Functions¶

It may seem strange to start a book about statistics with something as abstract as functions, but many of the important objects in statistics are actually functions. If you are not entirely comfortable with the formalism of mathematical functions, fundamental concepts in statistics may become very confusing.

As an example, in statistics, you often see notation like \(X=x\). You might be tempted to think that \(X\) is a variable representing a number, and \(x\) is another variable representing a number, and the equal sign means that the two variables represent the same number. However, in probability and statistics, the notation \(X=x\) refers to something entirely different: \(X\) represents a kind of function called a random variable, \(x\) is a number, and the whole statement is not an assertion that the two sides of the equation are equal but instead a reference to the set of events that the function \(X\) maps to the value \(x\). If this sounds incredibly bewildering, I agree, and helping unpack that is the purpose of the next few chapters.

Functions map things to other things¶

In mathematical terms, a function is relationship between sets, linking each element of one set to an element of another set. For example, say I have a function \(f\) that links each number to that number plus one: \(f(1) = 2\), \(f(2) = 3\), and so on. Take careful note: the equation \(f(1) = 2\), when translated into words, means that the function \(f\) maps the input \(1\) to the output \(2\). It does not mean that the function equals \(2\). A function is a relationship between sets, not a number.

In computer programming, a "function" refers to a sort of computational factory that takes some input and returns some output. This kind of "function" is not necessarily a mapping like a mathematical function is. For example, a random number generator "function" is designed to return a different, unpredictable number every time is it called. Some programming languages define pure functions, which are analogous to mathematical functions in that they are guaranteed to deliver the same output whenever given the same input, but this is unusual. Do not confuse mathematical functions with the conceptually distinct computer programming concept that happens to have the same name.

Functions can map different kinds of things, including functions¶

The function \(f\) above is relatively simple: it takes a single real number as input and returns another real number. We characterize the function \(f\) like this: \(f : \mathbb{R} \to \mathbb{R},\) where \(\mathbb{R}\) represents the set of real numbers. A slightly more complex function adds two numbers: \(\mathrm{add}(1, 2) = 3\) Technically, this function still takes a single thing as input, only now that "thing" is an ordered pair of numbers. Ordered pairs of real numbers are also called the Cartesian product of the set of real numbers with itself, that is, \(\mathbb{R} \times \mathbb{R}\), or just \(\mathbb{R}^2\). We characterize this function like: \(\mathrm{add} : \mathbb{R}^2 \to \mathbb{R}\).

Functions can map from things that aren't numbers.

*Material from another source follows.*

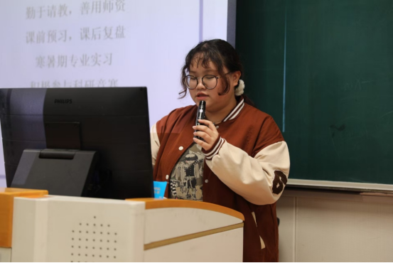 随后,王昱骞学姐立足于自身推免的经历以及对于相关政策的研究和了解,首先强调了在保研过程中成绩作为基础因素的重要性,并提到英语、专业课水平等素质的重要性,最后对推免的方式进行了详细的介绍。她希望同学们相信知识的力量,在学习道路上砥砺前行。

In linear algebra, every square matrix has a determinant, which is a real number. Thus, "determinant" is a function: \(\mathrm{det} : \{\text{square matrices}\} \to \mathbb{R}\). Functions can also map to things that aren't numbers. Again in linear algebra, one matrix has multiple eigenvectors. Thus, "eigenvectors" is a function: \(\mathrm{eigenvectors} : \{\text{matrices}\} \to \{\text{multiple vectors}\}\).

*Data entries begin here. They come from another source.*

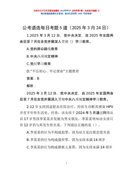 / 公考遴选每日考题5道(2025年3月24日)
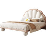The undisputed crowning glory of this magnificent designer bed is its commanding, beautifully contoured headboard. Stepping completely away from standard, rigid flat panels, the design features deep, vertical channel tufting that fans outward, creating an incredibly plush, ribbed effect that perfectly mimics a giant, elegant seashell or a blooming flower petal. The design utilizes a stunning, sophisticated two-tone colour palette. The central tufting is rendered in a soft, pristine cream, elegantly framed by a smooth, raised outer border in a muted, earthy blush pink. This elevated designer touch gives the bed a unique, luxurious personality, transforming it from a mere piece of furniture into a chic bedroom focal point. Beyond its breathtaking visual aesthetic, the generously padded, tufted headboard serves a highly practical purpose, offering a supremely plush and supportive backrest. It is the ideal, cozy haven for you and your child to lean against during evening storytime, reading magical tales of ocean adventures before drifting off to a peaceful sleep.
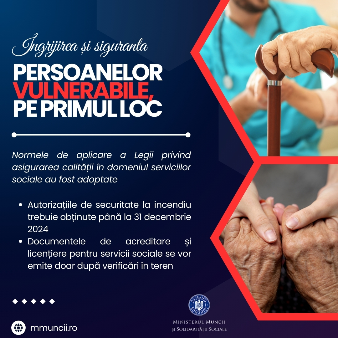 Guvernul a adoptat Normele metodologice la Legea nr.197/2012 privind asigurarea calității în domeniul serviciilor sociale, urmare a modificărilor și completărilor aduse acesteia prin Legea nr. 100/2024 care reformează sistemul de asistență din România. Actul normativ adoptat de Executiv stabilește că, în vederea licențierii și relicențierii serviciilor sociale, furnizorii de servicii sociale au termen până la 31 decembrie 2024 să obțină autorizația de securitate la incendiu sau, după caz, documentul justificativ din care să reiasă faptul că spațiul în care se asigură serviciul social nu se supune autorizării.

Importantly, functions can map from functions and to functions. For example, the minimum of the function \(f(x) = x^2\) is zero. We characterize the "minimum" function like: \(\mathrm{min} : (\mathbb{R} \to \mathbb{R}) \to \mathbb{R},\) where \((\mathbb{R} \to \mathbb{R})\) means the set of functions that map from real number to real numbers. Or, note that the mirror of some function \(f(x)\) around \(x=0\) is a new function \(g(x) = f(-x)\). Thus, "mirror around \(x=0\)" is a function: \(\mathrm{mirror} : (\mathbb{R} \to \mathbb{R}) \to (\mathbb{R} \to \mathbb{R})\).

Functions are written in different ways¶

We are used to writing functions using the prefix (or "Eulerian") style, like \(f(1) = 2\). In a few cases with well-known functions, we drop the parentheses, such as in \(\sin \pi = 1\).

However, there are other styles of writing functions. In infix notation, the function (or "operator") goes between the two inputs, such as in \(1 + 2\), rather than \(+(1, 2)\). We use around-fix notation for the absolute value, like in \(|x|\), and we use postfix notation for the factorial function, such as \(4!\). And there are plenty more. The binomial "choose" function \(\binom{n}{k}\) maps a pair of integers to an integer. Summation, such as \(\sum_{x=0}^n f(x)\), can be thought of as mapping a function and two integers (the lower and upper limits) to a real number (i.e., the value of the sum).

The important thing is to understand what each symbol on the page is. If it not a variable, then it is likely a function, or a part of the notation needed to encode a function. If it is a function, what is it mapping from and to?

Different functions are written in the same way¶

In computer science, polymorphism refers to the fact that the same "function" (in the computer science sense) will, when handed inputs of different types, perform different computations. For example, in many programming languages, + is used to signal numeric addition as well as string concatenation: 1 + 2 returns 3, but "Cui " + "bono?" gives "Cui bono?". Somehow the plus "function" knew to add in one case and to concatenate in the other.

In mathematics, polymorphism is mostly called "different notation". For example, the plus symbol (\(+\)) can be used to add two real numbers, but it can also be used to "add" two matrices. Adding two numbers and adding two matrices are analogous operations, but they are not identical. In statistics, we will encounter this situation often, where a series of symbols on the page could make perfect sense as an operation on numbers, but when in fact it means something very different.

The most important example of this confusion comes from the meaning of the equal sign (\(=\)). If I write \(x=2\), it is most likely a definition: I'm asserting that the value of \(x\) is \(2\). But if I write \(1=2\), and ask you, "Is this true?", you will say no. Many programming languages distinguish between the assignment operator = and the equality test operator ==, so that x=1 is a command "set \(x\) to \(1\)!", while x==2 is a question "is \(x\) equal to 2?", to which the program will response TRUE or FALSE.

I'll use \(\equiv\) to mean "equals as a matter of definition" and the normal \(=\) for "equals as a matter of assertion."